Equivariant Hypergraph Diffusion Neural Operators
This work addresses the problem of modeling irregular higher-order relations in data for researchers and practitioners in graph learning, offering a novel architecture with proven expressiveness and computational efficiency.
The paper tackles the challenge of designing hypergraph neural networks (HNNs) that can model complex higher-order relations efficiently, proposing ED-HNN, which provably represents equivariant hypergraph diffusion operators and achieves over 2% accuracy improvement on four out of nine real-world datasets for node classification.
Hypergraph neural networks (HNNs) using neural networks to encode hypergraphs provide a promising way to model higher-order relations in data and further solve relevant prediction tasks built upon such higher-order relations. However, higher-order relations in practice contain complex patterns and are often highly irregular. So, it is often challenging to design an HNN that suffices to express those relations while keeping computational efficiency.
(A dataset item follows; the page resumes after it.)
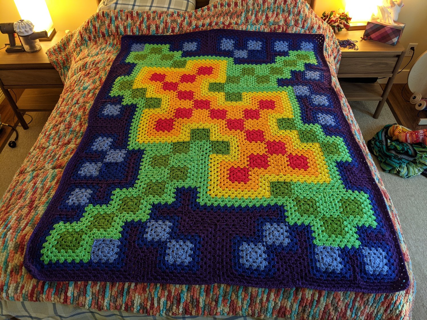 Perfect for the astronomer in your life! You can adjust the size of this nebula-inspired blanket easily by changing the type of yarn you use and/or changing the number of rounds you do. Your finished blanket will end up being 16x21 times bigger than your first square, which as the pattern is written, is a 3-round granny square. Sample measures 48” x 63”

Inspired by hypergraph diffusion algorithms, this work proposes a new HNN architecture named ED-HNN, which provably represents any continuous equivariant hypergraph diffusion operators that can model a wide range of higher-order relations. ED-HNN can be implemented efficiently by combining star expansions of hypergraphs with standard message passing neural networks. ED-HNN further shows great superiority in processing heterophilic hypergraphs and constructing deep models. We evaluate ED-HNN for node classification on nine real-world hypergraph datasets. ED-HNN uniformly outperforms the best baselines over these nine datasets and achieves more than 2\%$\uparrow$ in prediction accuracy over four datasets therein.